Priming the Pump. Spain's advocates could point out that Franco had really tried. Reluctantly admitting that his country could not achieve economic maturity outside the Common Market, he embarked on a deliberate policy of liberalization. Press censorship was eased; reactionary Falangist ministers were replaced by more open-minded officials; a recent trial of 33 political prisoners was held before a civilian rather than a military court--and some prisoners were even acquitted.

Equally important, as far as the Common Market was concerned, Franco began to reform Spain's backward economy. Many rigid state controls on prices and production were abolished, and foreign investors began priming the Hispanic pump. Spain's annual industrial output climbed at a rate of 11% a year; gross national income rose at 6% to a record $13 billion last year. Gold and foreign-currency reserves, a paltry $65 million five years ago, now total $1.2 billion.

Millions of tourists flooded into Spain, spending $650 million last year alone on everything from corridas to castanets. An even more important migration went the other way. Nearly a million Spanish workers, jobless in their own country, headed out into labor-hungry Europe; today they send home nearly $200 million a year in savings, a major source of income for the Spanish economy.

Pleading the Cause. In Brussels, France's Foreign Minister Maurice Couve de Murville pleaded Spain's cause logically and eloquently. Spanish diplomats had tried using the engagement of Spain's Prince Carlos and The Netherlands' Princess Irene, as well as the Spanish birth of Belgium's Queen Fabiola, to woo the Low Countries. Nothing could shake the bitter Socialist Francophobes of Belgium and Italy. "The Belgian government can never accept this Spain," snapped Foreign Minister Paul-Henri Spaak, though he did not exclude bilateral trade agreements with Common Market nations. Italy's Ambassador Antonio Venturini made it plain that his government's apertura a sinistra (opening to the left) could never brook an apertura a Franco.

Delaying a formal decision until mid-April, the Six left open the possibility of further discussions with Spain over its economic future. That just about gave Spain a toe hold. But Common Market membership appears impossible as long as Franco rules. El Caudillo's economic brain-trusters would be glad enough to settle for mere trade agreements at present, but their problem now is to keep Franco encouraged despite the slap in Brussels.

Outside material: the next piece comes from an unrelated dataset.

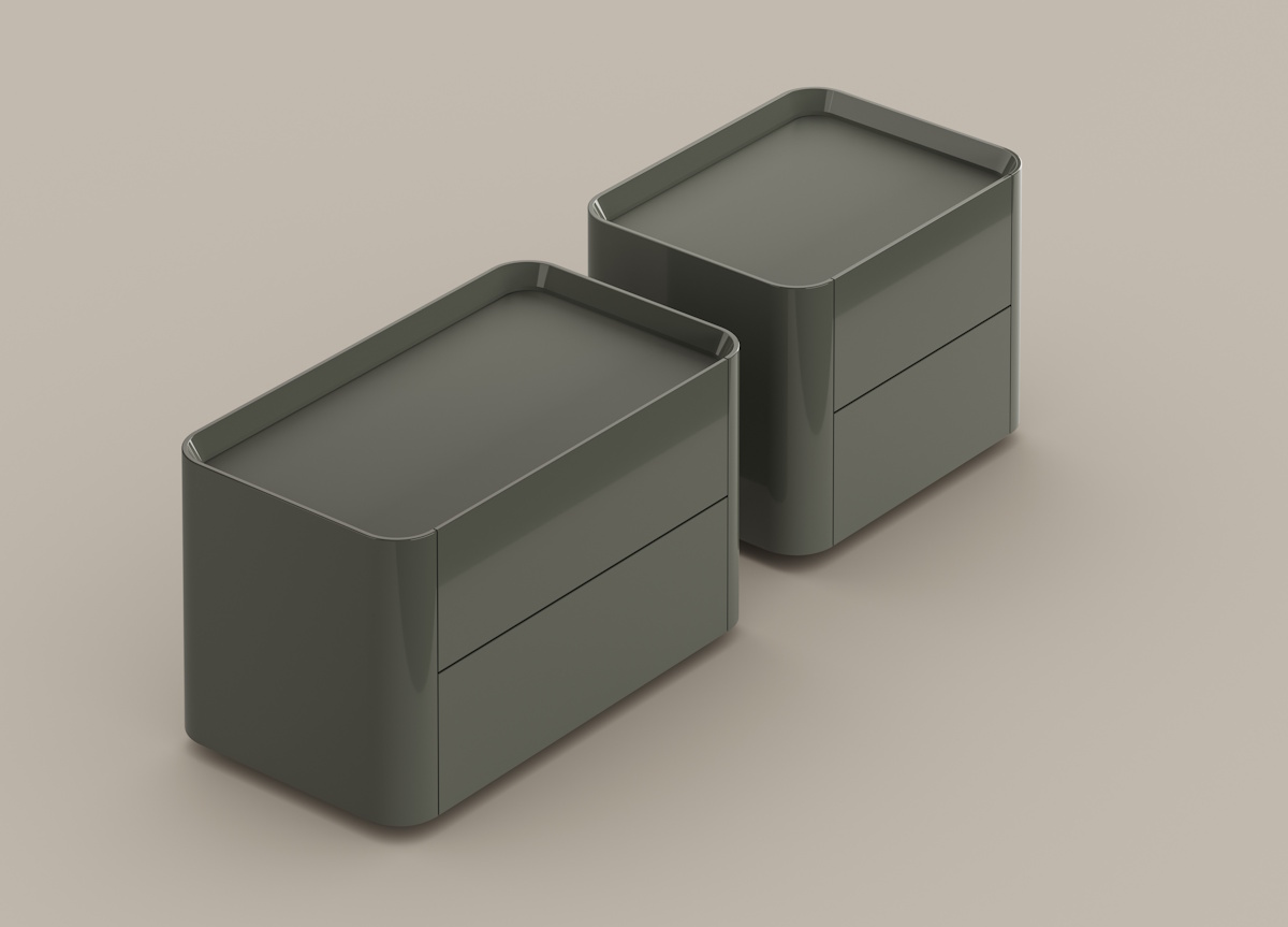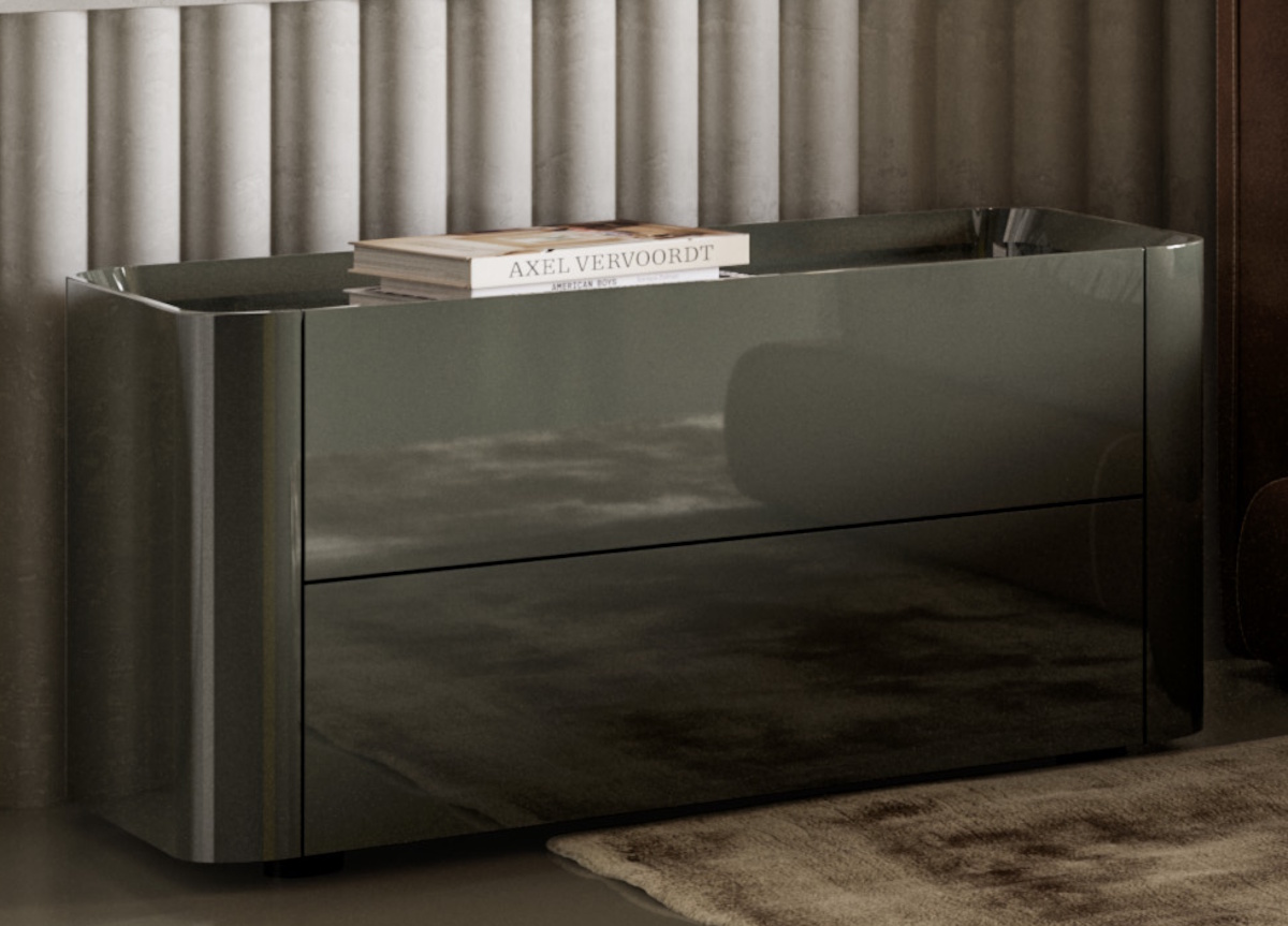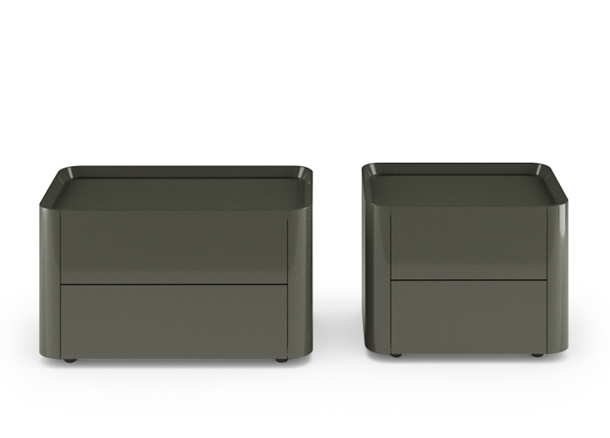 Available in two sizes with two drawers, each of which is set on low black feet which enhance its visual lightness and emphasise its compositional clarity. For the frame you can choose from sandgrey or volcano grey in either matt or gloss lacquered wood, the piece can be further enhanced by a ceramic top in several colours & finishes, or a top in the same finish as the structure.

By hewing to their ritualistic hatred of Franco Spain, by still insisting on fighting the battles of a quarter-century ago, the Socialists of Belgium and Italy may be making a mistake. The Falangist foes of liberalization may soon be crying: "We told you so." By trying to "please the foreigners," they claim, the government has sullied Spanish pride. A return to isolationism and intransigency could well be the result.